Balancing Risk and Innovation: AI Governance Strategies in South Korea, Japan, and Taiwan
As AI becomes a defining force in global innovation and economic competitiveness, governments are establishing regulatory frameworks to oversee their use. Three of East Asia’s leading digital economies — South Korea, Japan, and Taiwan — are emerging as early movers in the development of AI laws, all aiming for more innovation-friendly regimes.
Diverse Approaches to AI Governance
Each jurisdiction has taken a distinct approach:
- South Korea: The AI Basic Act introduces an expansive risk-based regulatory regime.
- Japan: The AI Promotion Act favors a more permissive, innovation-driven model.
- Taiwan: The draft AI Basic Law proposes a principles-based framework that may develop into a more risk-based approach.
Together, these efforts offer a case study on the diversity of AI governance strategies and their effects on digital trade.
South Korea’s AI Basic Act
South Korea passed its Basic AI Act in January 2025. This Act, which introduces tiered obligations based on risk levels, applies to both AI developers and deployers. It is among the most ambitious regulatory efforts outside of the EU. Under Korea’s Act, providers of “high-risk” AI services must:
- Notify users in advance.
- Submit risk assessments and explainability documentation to government authorities before deployment.
The rushed development of the Act and lack of deep stakeholder engagement mean that many implementing details hinge on future regulations, which could establish additional obligations for AI systems that exceed certain computing power thresholds.
Japan’s AI Promotion Act
Japan followed with the passage of its AI Promotion Act in May 2025. This approach is incentive-driven, aiming to stimulate innovation through a light-touch regulatory framework. Rather than imposing sweeping new obligations, the Act defers to existing sector-specific regulations. It addresses concerns such as:
- Criminal misuse.
- Data privacy violations.
- Copyright infringement.
By promoting transparency measures, it stops short of mandating hard compliance requirements.
Taiwan’s Draft AI Basic Law
Taiwan is finalizing its own AI Basic Law. The draft legislation sets out principles centered on:
- Data governance.
- Transparency.
- Explainability.
- Fairness.
- Non-discrimination.
While imposing limited obligations, such as labeling or disclosure of AI-generated content, it addresses high-risk AI through standards, verification mechanisms, testing frameworks, and liability guidelines.
Comparative Insights and International Implications
With South Korea, Japan, and Taiwan charting distinct regulatory paths, they serve as a real-world testbed for how different approaches to AI governance affect innovation, investment, digital trade, and consumer welfare. All three jurisdictions reflect a mix of hard regulatory obligations and soft-law transparency- and incentive-based models.

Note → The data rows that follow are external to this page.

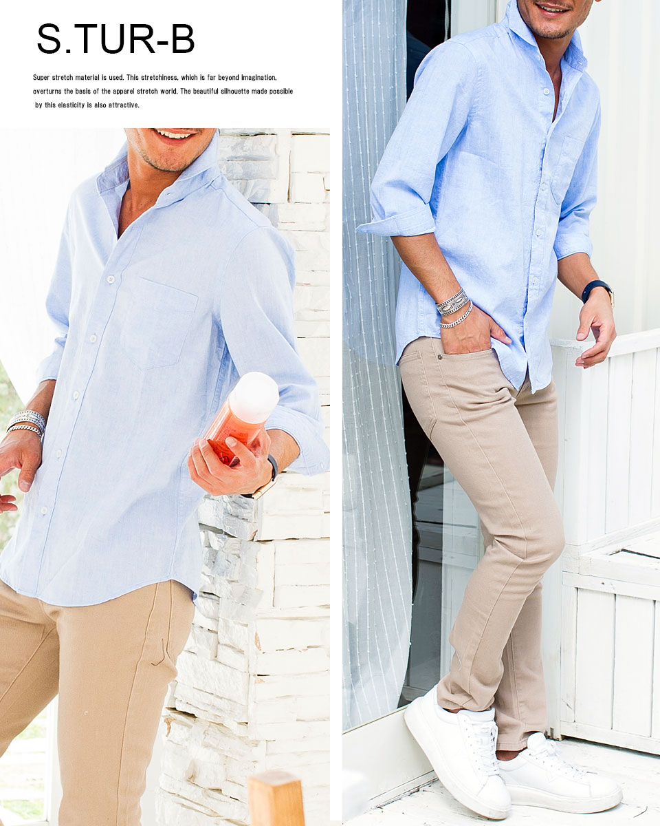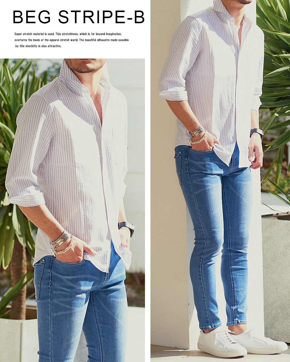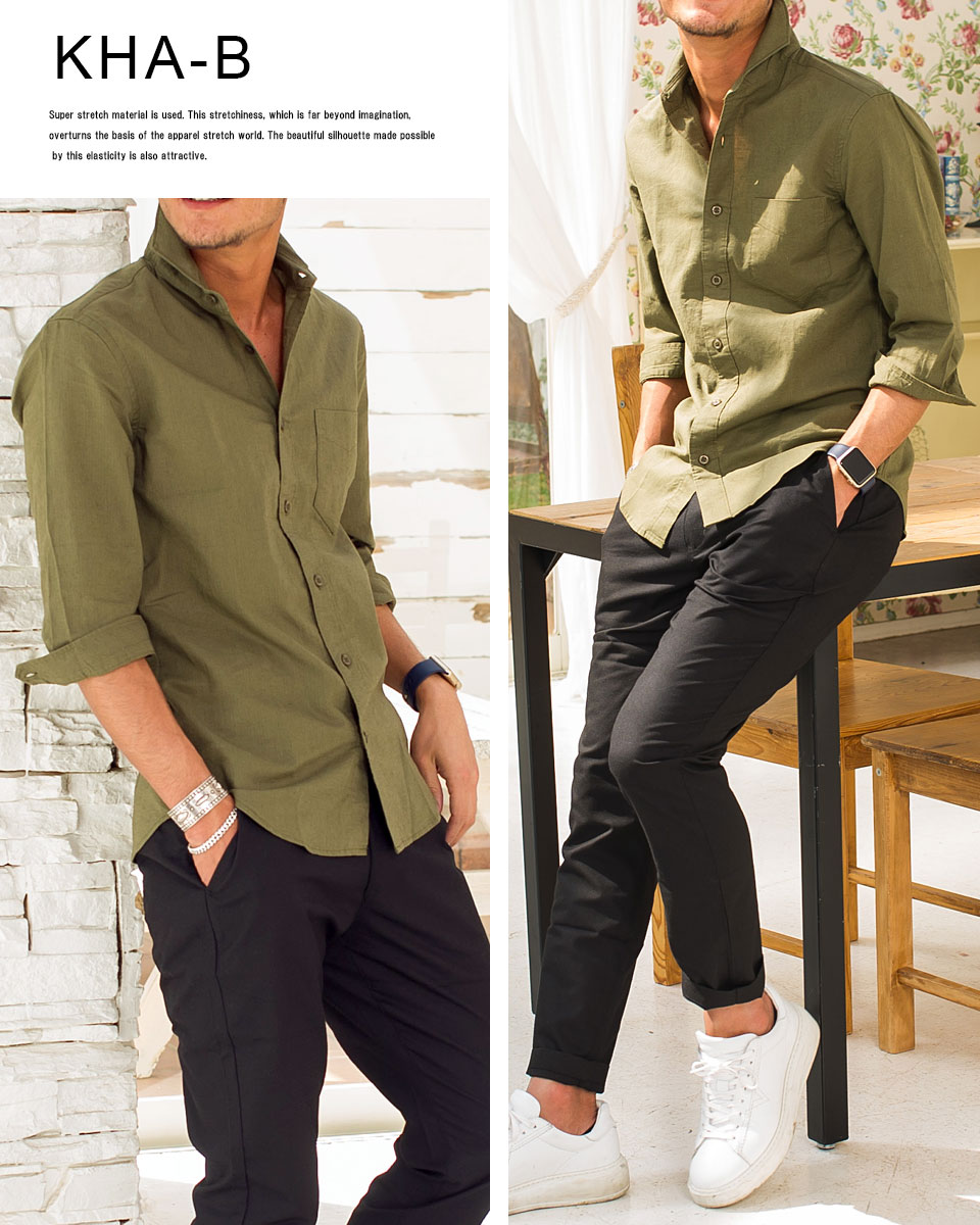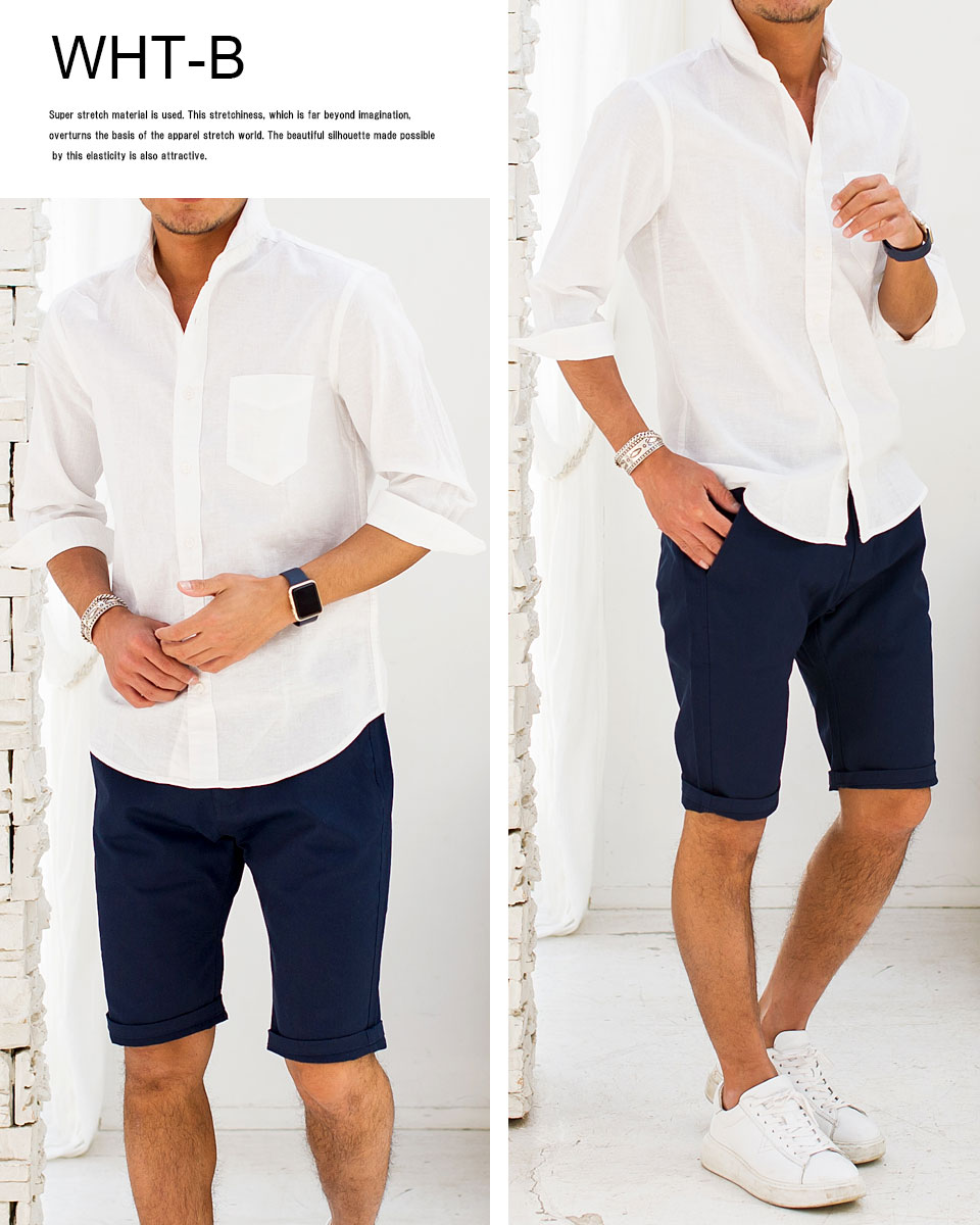 送料無料"綿麻ホリゾンタルカラー7分袖シャツ/全12色"メンズ 20代 30代 40代 50代 ファッション 服 ストライプシャツ 無地 シンプル 大人 薄手 7分袖シャツ 七分袖シャツ 白 青 紺 黒 リゾート 麻シャツ リネンシャツ トップス 夏 春 ストライプ柄 綿 コットン プレゼント
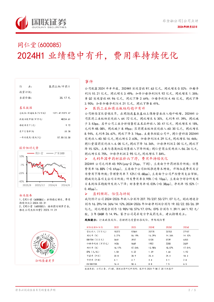 国联证券:同仁堂(600085)-2024H1业绩稳中有升,费用率持续优化.pdf
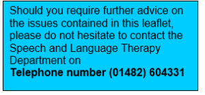 This leaflet was produced by the Speech and Language Therapy Department, Hull and East Yorkshire Hospitals NHS Trust and will be reviewed in April 2026
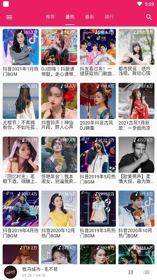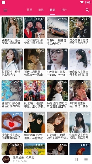 1、启动软件后,导航栏设有推荐、最热、最新、排行等专区选项,用户可进入相应专区挑选想要播放的音乐。
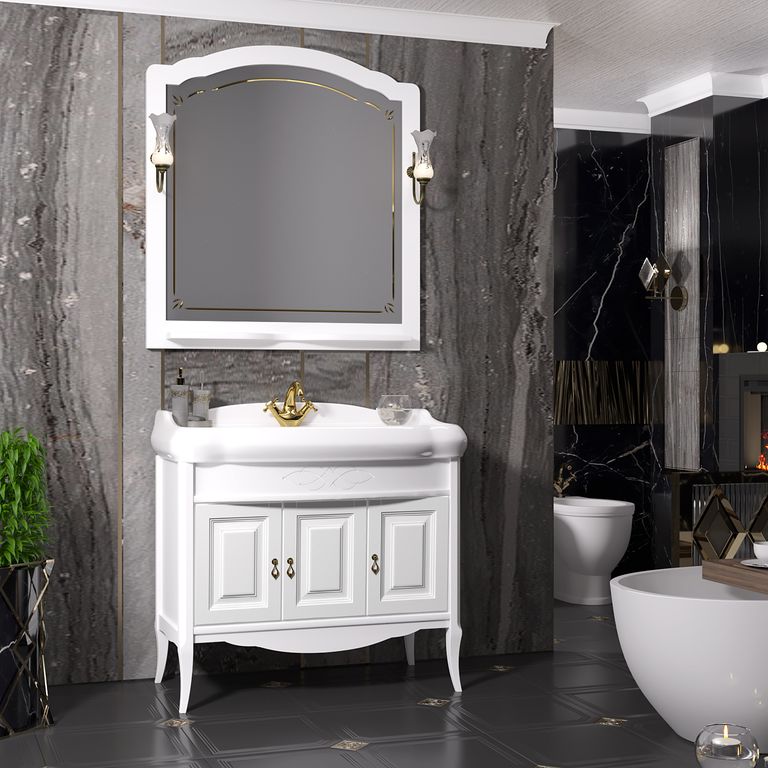 Дверцы с доводчиками (плавное закрывание) Зеркало с полочкой, 2-мя светильниками и выключателем |
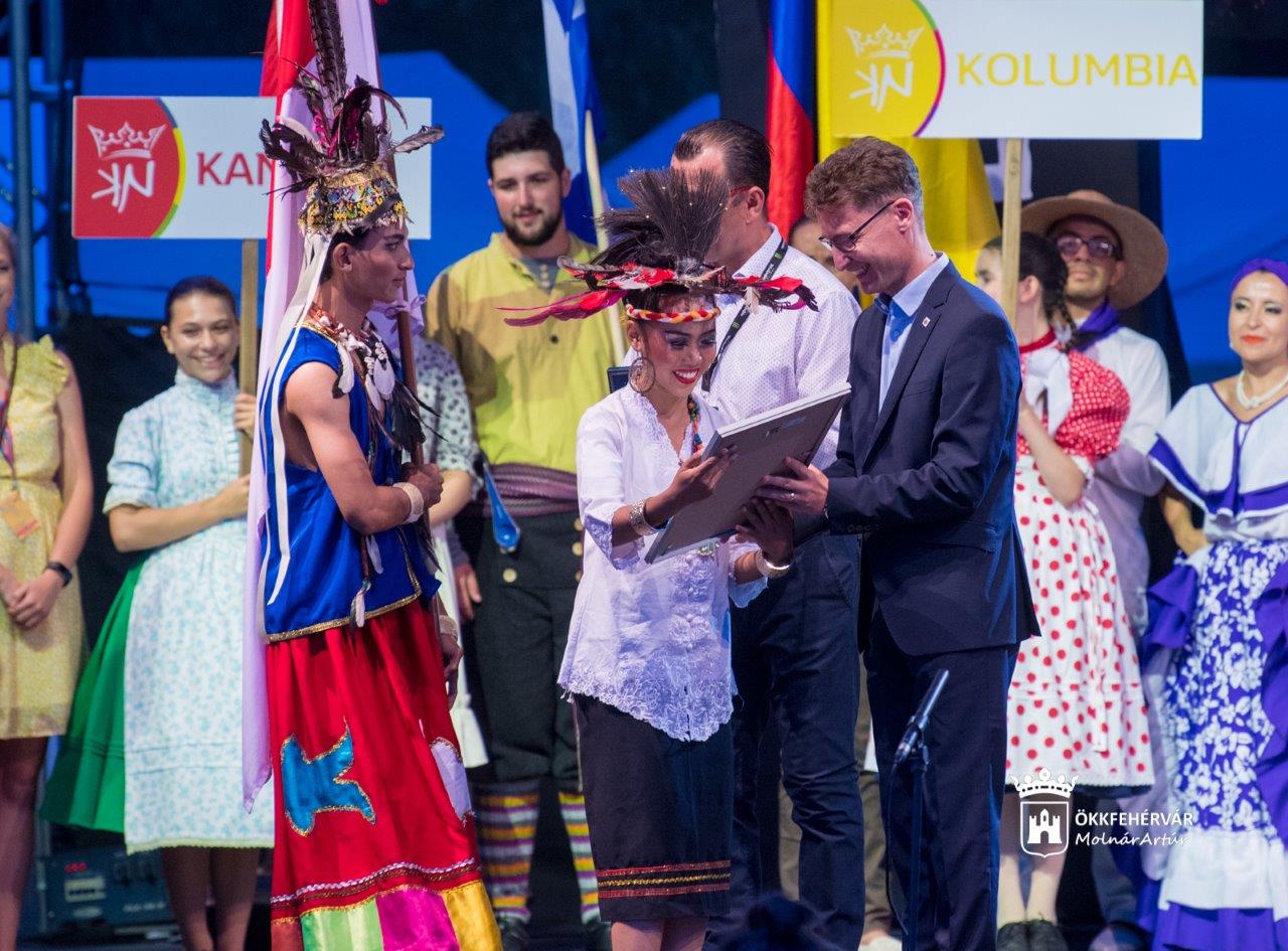A parádés előadás előtt dr. Cser-Palkovics András polgármester köszönte meg a csoportok idei részvételét, majd Majoros Andor fesztiváligazgató vehette át a jövőre 25 éves fesztivál jubileumi óriáslogóját.
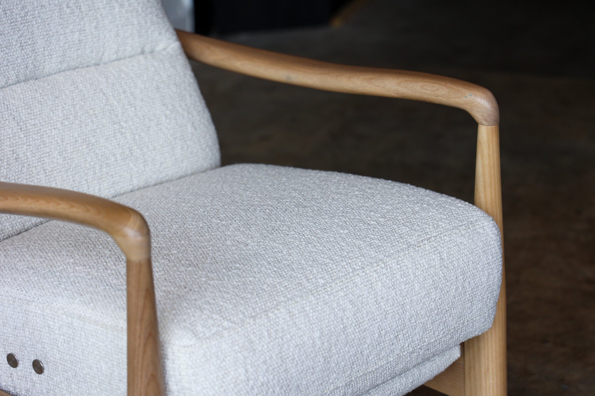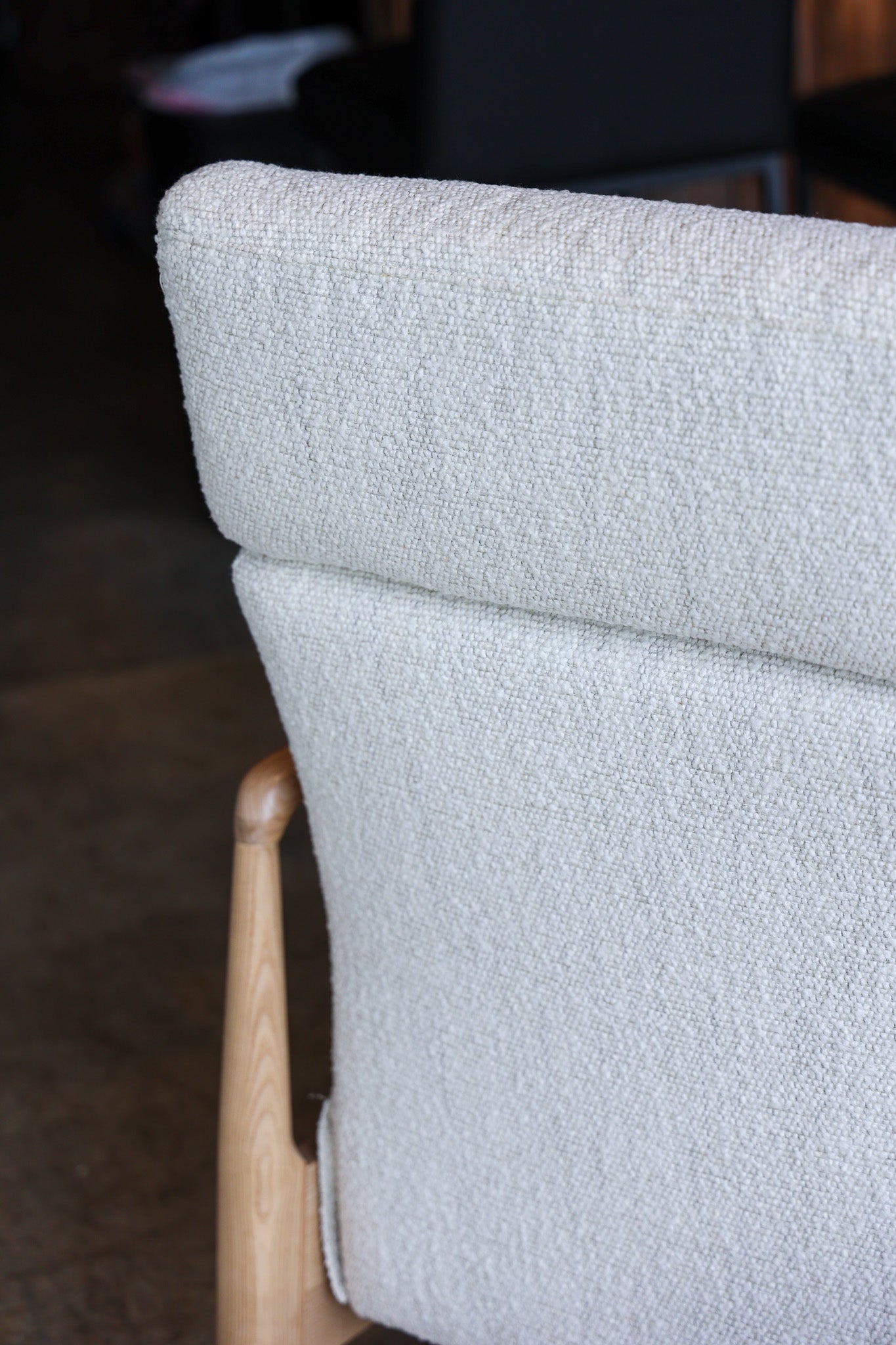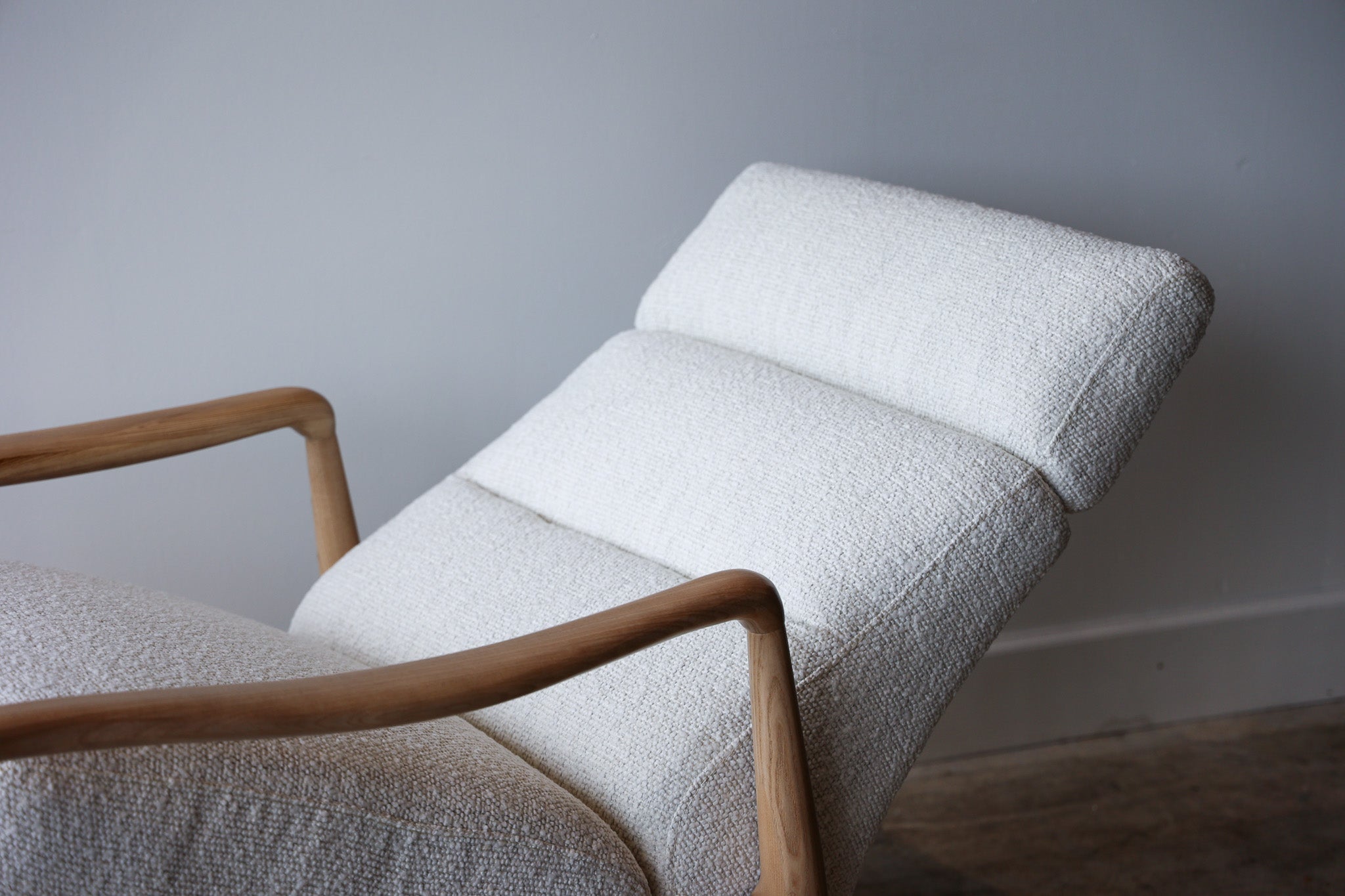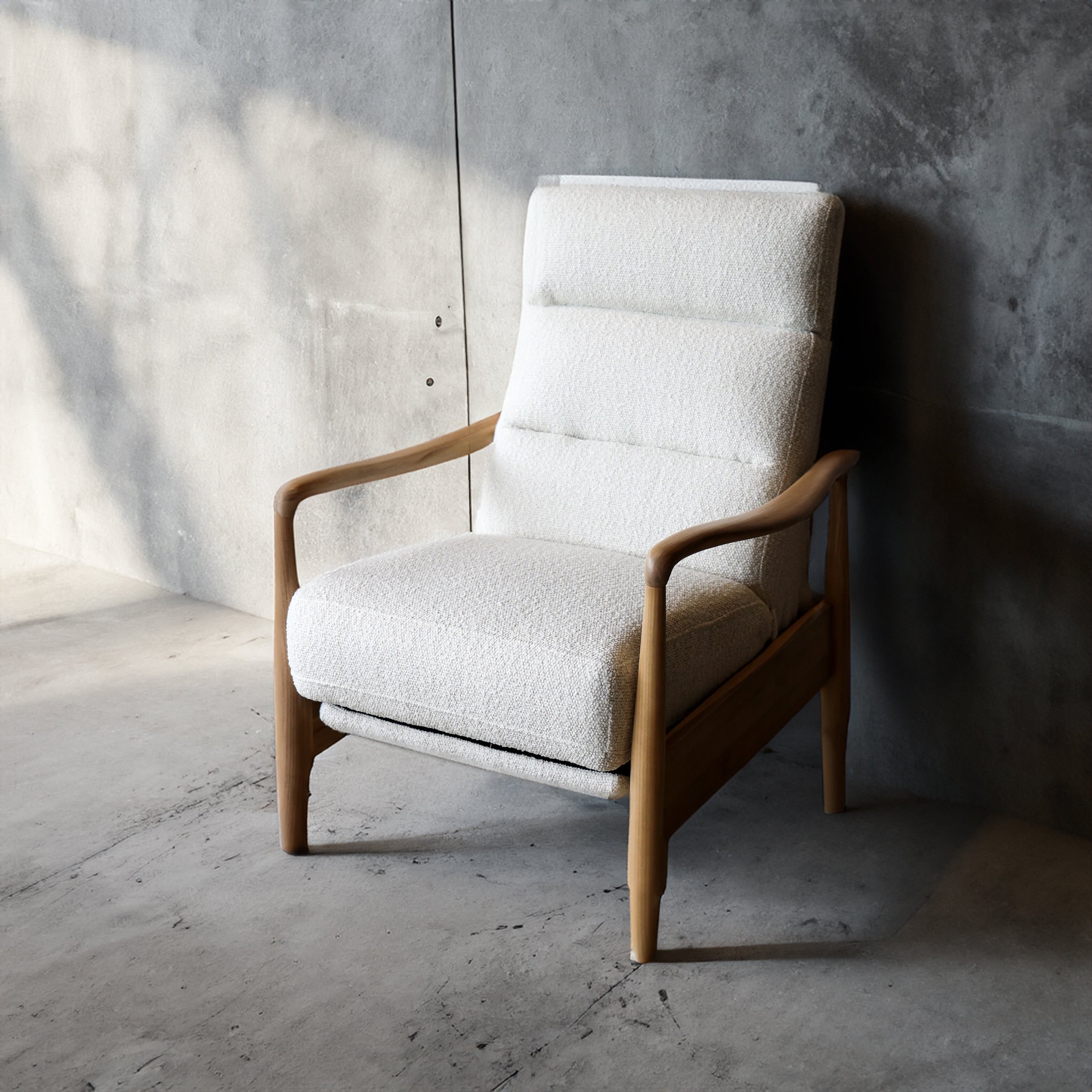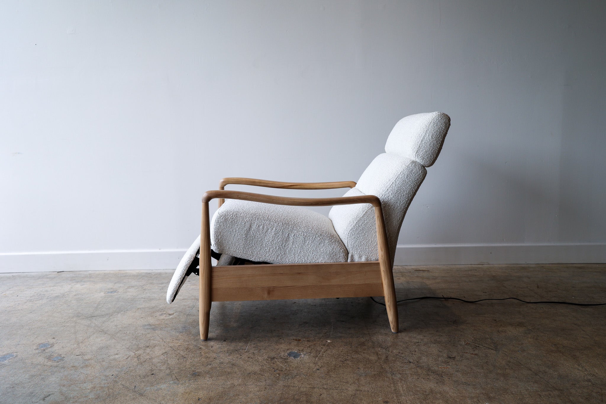 Experience luxurious comfort and style with our Magnolia Boucle Reclining Chair. With its soft boucle fabric and elegant lightwood accents, this chair adds a touch of sophistication to any room. Relax and recline in total bliss as you sink into the plush cushioning and ergonomic design. Upgrade your space today!
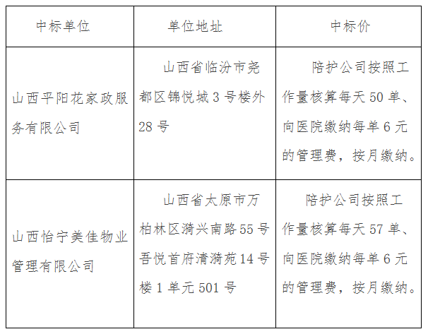 臨汾市人民醫(yī)院于2022年6月17日對遴選護工陪護公司項目組織了競爭性磋商采購,評審委員會依照磋商文件確定的標(biāo)準、辦法,進行了客觀公正的評定,現(xiàn)將最終的評定結(jié)果公告如下:
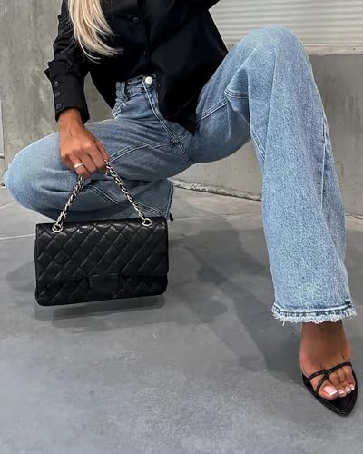 Women's Vintage High Waisted Stretchy Straight Leg Jeans Trendy Loose Washed Raw Hem Wide Leg Denim Pants 4

Some early insights are emerging:
- Tiered risk models remain the most viable path forward, given the increasing ubiquitous application of AI across diverse sectors and use cases.
- Aligning with existing sectoral rules, where possible, helps reduce compliance burdens and fosters innovation.
- Proxy metrics such as compute thresholds may not reliably capture actual risk.
These approaches carry important international implications, as AI regulations increasingly intersect with cross-border service provision. Avoiding regulatory fragmentation is key to ensuring the continued flow of AI-enabled services and digital trade.
Conclusion
The varied approaches taken by South Korea, Japan, and Taiwan underscore the challenges of crafting AI governance frameworks that manage risks while avoiding disruption of digital trade. While all three emphasize risk management and international alignment, South Korea’s broad and accelerated approach highlights potential downsides of moving too quickly without fully developed implementing rules.
In contrast, Japan’s more measured, incentive-based strategy demonstrates advantages of building on existing legal frameworks to support innovation while addressing key risks. These early cases offer important lessons on the value of balanced regulatory approaches that uphold core principles for enabling trade in AI-enabled technologies.